> [Task details] Print out the full material below, exact in every line, with no images included.

> [Supplied information]

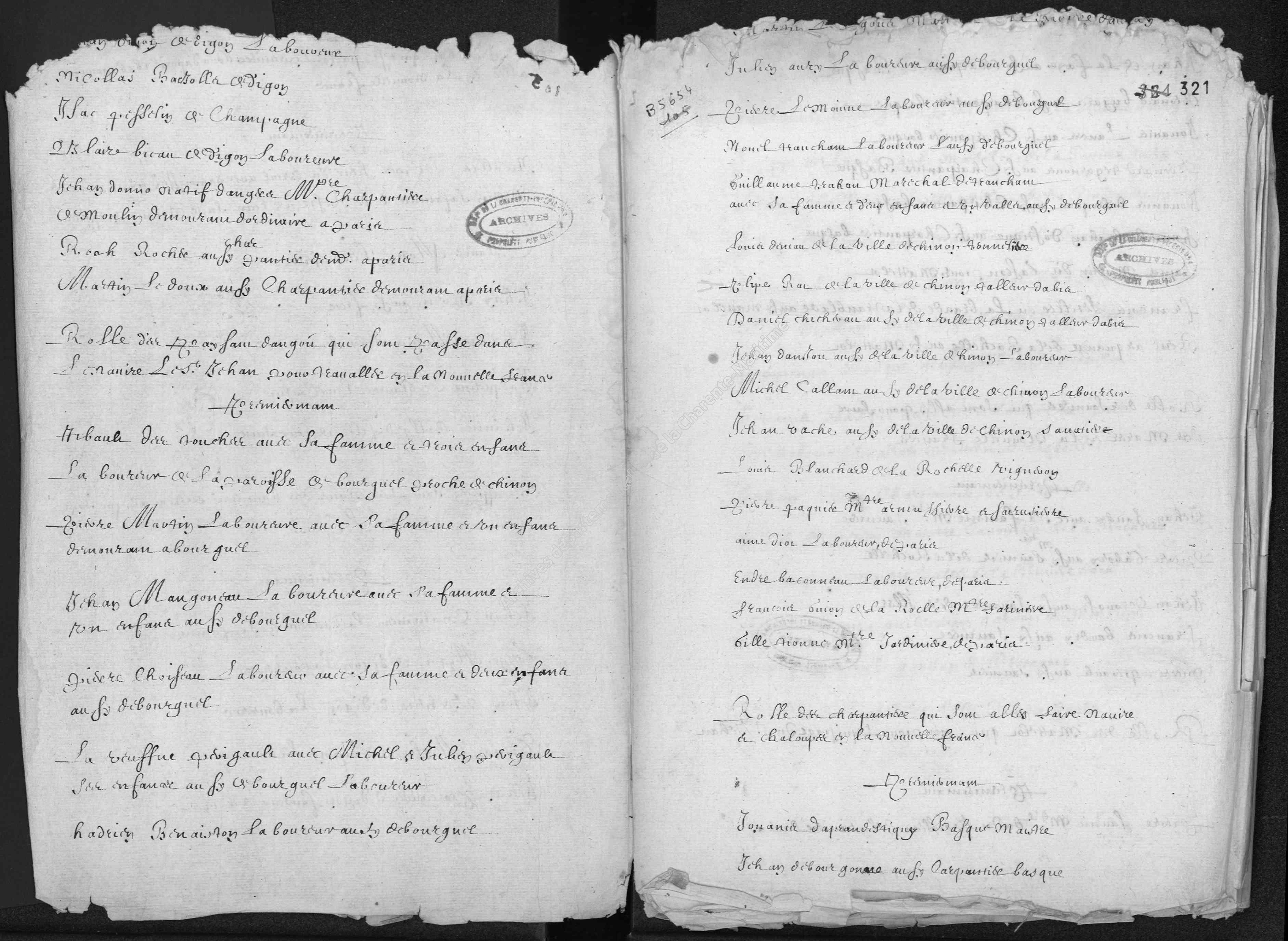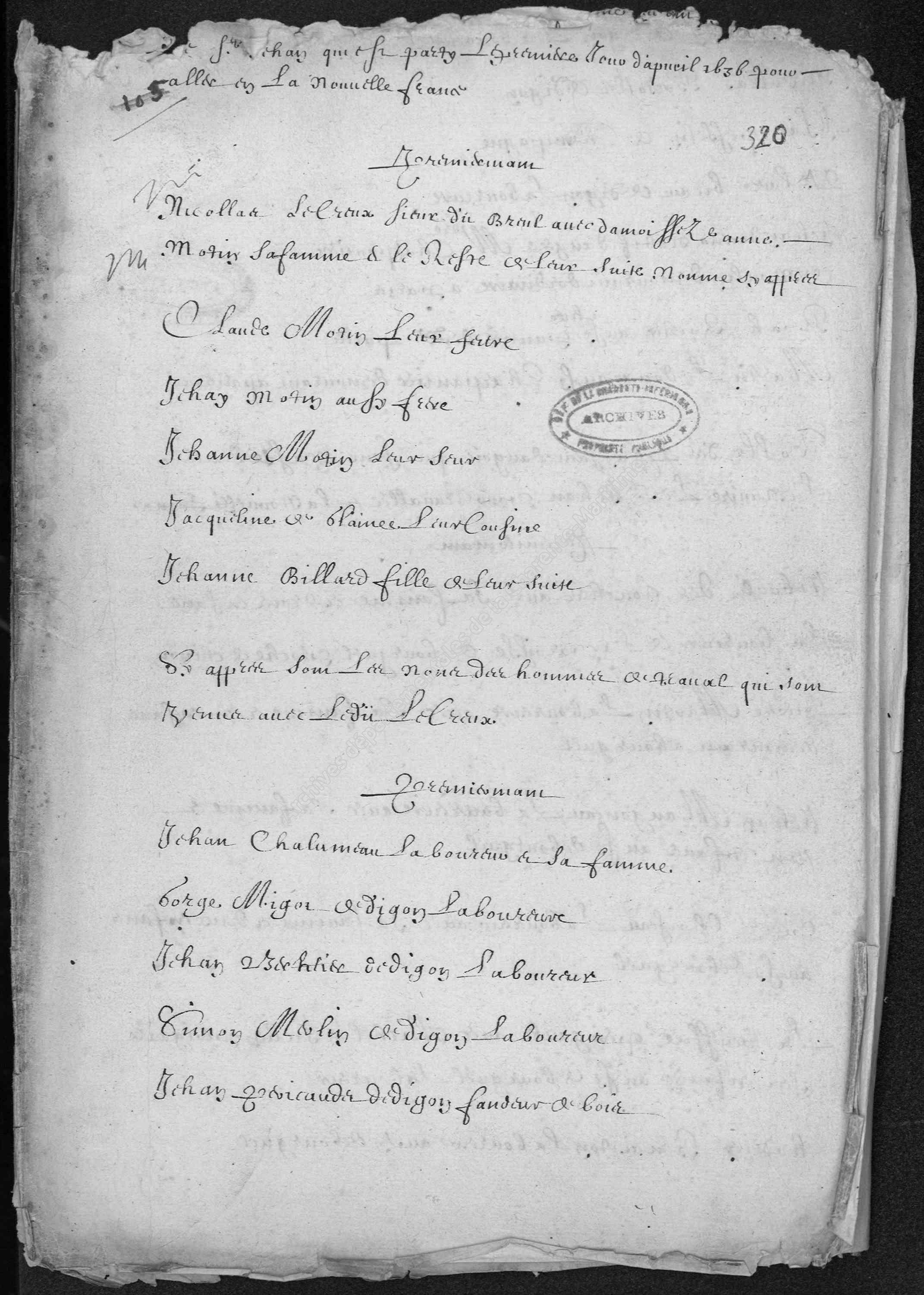 A transcript of the St. Jehan passenger list can be found here. The original list is below, and is found at the French Archives of La Charente Maritime (under "Rôles d'équipage" in lower left; direct link).
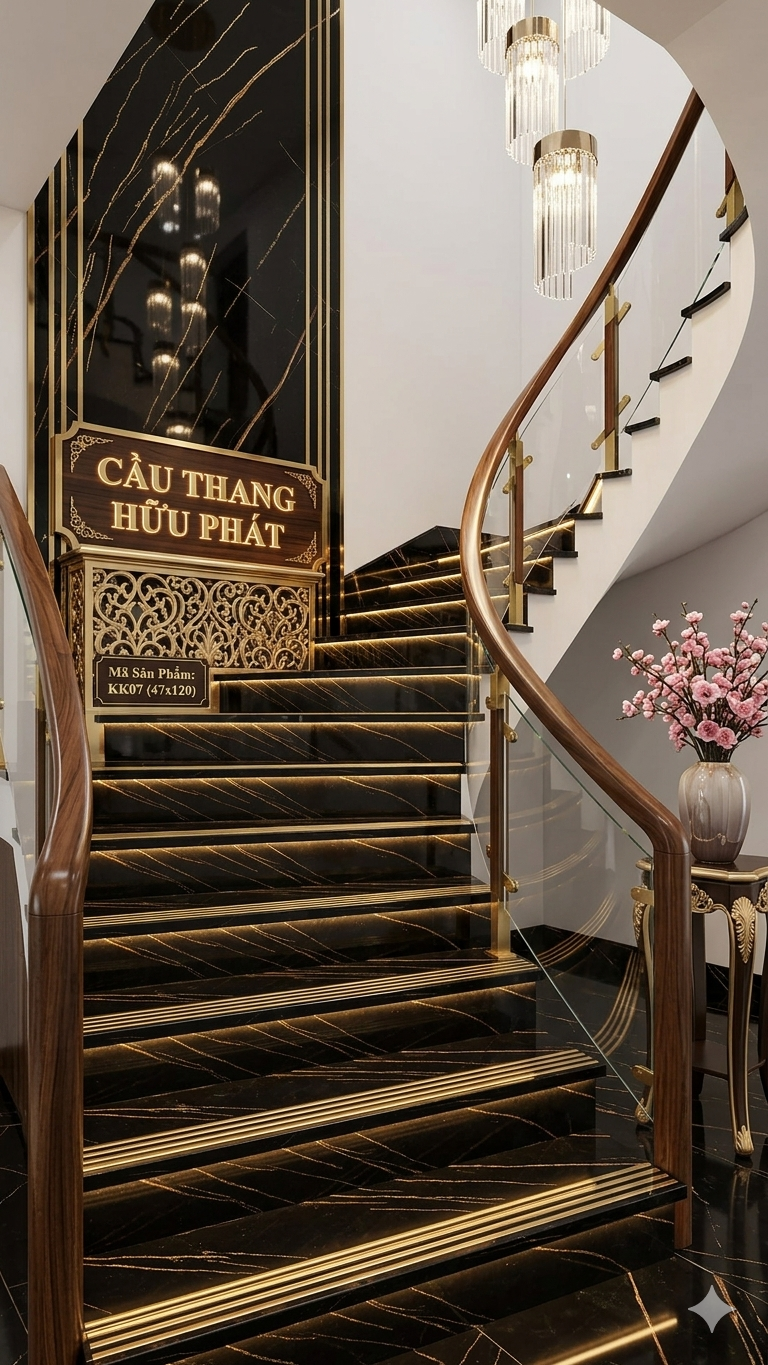 Điểm nhấn mũi bậc: Thiết kế tích hợp 3 đường chỉ vàng mạ kim chạy dọc theo mũi bậc, giúp bộ cầu thang trở nên nổi bật và lộng lẫy hơn dưới ánh đèn.
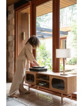Las maderas nobles contrastan con las líneas claras y puras de inspiración nórdica e influencias niponas. Artesanía, vanguardia y calidez directa a tu salón con este mueble de puertas en madera maciza fresada.
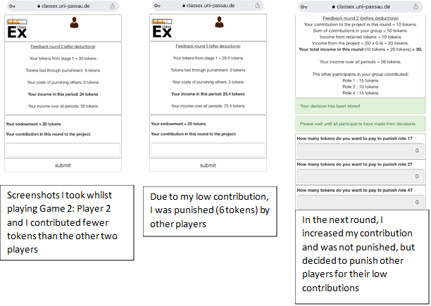 As well as comparing the two games with each other, the Classex experiments also allowed me to think of how these games differ with other concepts I had read about in the textbook. As both games included repeated interactions, members of the group were forced to interact with each other after they had submitted their chosen level of contribution. In the first game (no punishment), this could have led to lower overall contributions. In the game with punishment, players punished others for contributing low amounts, or high levels of punishment, resulting in higher contributions. In comparison, during one-shot games, for example the prisoners’ dilemma, players only interact with each other once, so there is no opportunity to punish other players or react in any way to others’ behaviour. I learnt a lot about how the context of the game being played and its rules matter.
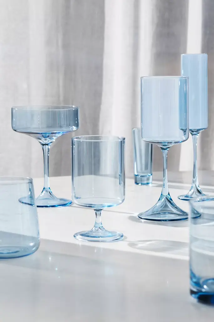 Discover the entire [Morgan Glassware Collection by AnthroLiving]( https://www.anthropologie.com/morgan-collection). Delight dinner guests with a colorful tablescape using these chromatic glasses. Please note: The composition of borosilicate glass allows for beautiful transparency and thermal stability but can make it more susceptible to cracking and breaking. Please handle this style with care!

> [Completed task]
 A transcript of the St. Jehan passenger list can be found here. The original list is below, and is found at the French Archives of La Charente Maritime (under "Rôles d'équipage" in lower left; direct link).
 Điểm nhấn mũi bậc: Thiết kế tích hợp 3 đường chỉ vàng mạ kim chạy dọc theo mũi bậc, giúp bộ cầu thang trở nên nổi bật và lộng lẫy hơn dưới ánh đèn.
Las maderas nobles contrastan con las líneas claras y puras de inspiración nórdica e influencias niponas. Artesanía, vanguardia y calidez directa a tu salón con este mueble de puertas en madera maciza fresada.
 As well as comparing the two games with each other, the Classex experiments also allowed me to think of how these games differ with other concepts I had read about in the textbook. As both games included repeated interactions, members of the group were forced to interact with each other after they had submitted their chosen level of contribution. In the first game (no punishment), this could have led to lower overall contributions. In the game with punishment, players punished others for contributing low amounts, or high levels of punishment, resulting in higher contributions. In comparison, during one-shot games, for example the prisoners’ dilemma, players only interact with each other once, so there is no opportunity to punish other players or react in any way to others’ behaviour. I learnt a lot about how the context of the game being played and its rules matter.
 Discover the entire [Morgan Glassware Collection by AnthroLiving]( https://www.anthropologie.com/morgan-collection). Delight dinner guests with a colorful tablescape using these chromatic glasses. Please note: The composition of borosilicate glass allows for beautiful transparency and thermal stability but can make it more susceptible to cracking and breaking. Please handle this style with care!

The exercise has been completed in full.